How is best way to get them to you.

freeekanayaka · February 8, 2019, 1:50pm

Please send me a mail, free dot ekanayaka at canonical dot com.

Tony_Anytime · February 8, 2019, 2:20pm

On its way, thanks

freeekanayaka · February 8, 2019, 3:29pm

Okay, from what I can see all four nodes have the same problem: they fail to start because the don’t find the “source” configuration key for the ZFS storage pool, which should be in the database but it’s not.

I guess something went wrong during the upgrade, so we now have to figure what’s the state of the database.

Can you send me by email a tarball of the /var/lib/lxd/database directory of one of the nodes? Any node is fine. And also a tarball of /var/lib/lxd/database.bak, which should have a copy of the database as it was before the upgrade.

freeekanayaka · February 8, 2019, 3:30pm

By the way, don’t reboot, because LXD won’t recover from here, so your running containers would not be restarted.

freeekanayaka · February 8, 2019, 3:38pm

One thing you can safely try, even without me looking at your database, is to restore the database backup on all nodes and try to restart them all.

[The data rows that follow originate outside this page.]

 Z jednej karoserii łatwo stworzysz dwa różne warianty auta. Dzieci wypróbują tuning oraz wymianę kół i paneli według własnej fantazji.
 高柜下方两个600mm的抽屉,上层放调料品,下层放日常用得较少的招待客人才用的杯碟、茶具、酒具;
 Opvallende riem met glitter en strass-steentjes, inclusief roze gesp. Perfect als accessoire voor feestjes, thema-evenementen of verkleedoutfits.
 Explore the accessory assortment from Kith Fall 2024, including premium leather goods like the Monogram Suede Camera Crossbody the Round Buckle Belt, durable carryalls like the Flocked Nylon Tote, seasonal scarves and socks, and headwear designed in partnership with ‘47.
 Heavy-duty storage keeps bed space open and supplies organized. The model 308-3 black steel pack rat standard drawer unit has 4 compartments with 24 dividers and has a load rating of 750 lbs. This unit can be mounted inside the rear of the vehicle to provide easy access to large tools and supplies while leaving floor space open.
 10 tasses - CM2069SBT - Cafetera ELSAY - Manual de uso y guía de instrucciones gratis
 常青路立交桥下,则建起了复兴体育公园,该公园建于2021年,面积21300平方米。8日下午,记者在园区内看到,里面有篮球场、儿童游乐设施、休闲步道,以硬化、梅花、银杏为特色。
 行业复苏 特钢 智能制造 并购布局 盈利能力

You would need to take the following steps:

Make sure all LXD daemons are stopped.
Make a backup of your current /var/lib/lxd/database directory on all nodes (for example name it /var/lib/lxd/database.after-upgrade. Do that on all nodes.
Run something like rm -r /var/lib/lxd/database; cp -r /var/lib/lxd/database.bak /var/lib/lxd/database on all nodes, in order to restore the database as it was before the update.
Restart the LXD daemons on all nodes.

Tony_Anytime · February 8, 2019, 4:03pm

I sent you databases, I can’t find the backup files anywhere.

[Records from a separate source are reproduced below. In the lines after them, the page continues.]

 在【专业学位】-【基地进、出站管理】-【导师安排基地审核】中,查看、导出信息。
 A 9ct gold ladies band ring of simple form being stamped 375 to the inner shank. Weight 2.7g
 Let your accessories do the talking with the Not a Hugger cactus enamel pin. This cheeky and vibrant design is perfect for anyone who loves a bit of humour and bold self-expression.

CyrusTheVirusG · February 8, 2019, 4:03pm

I just had this happen, one of my servers was on the candidate branch. Switch all your servers to candidate and refresh. Probably after verifying one says 3.10 as the version in logs.

stgraber · February 8, 2019, 4:06pm

@CyrusTheVirusG the log for this user clearly shows an issue with storage configuration which is different than the error you get when you’re out of sync.

freeekanayaka · February 8, 2019, 4:07pm

The fact that you can’t find back up is very weird. Something odd has went on during the upgrade. @stgraber any clue of what could happen that would prevent the backup from being taken? I mean, on all nodes…

CyrusTheVirusG · February 8, 2019, 4:09pm

Are you sure? He said he upgraded one server.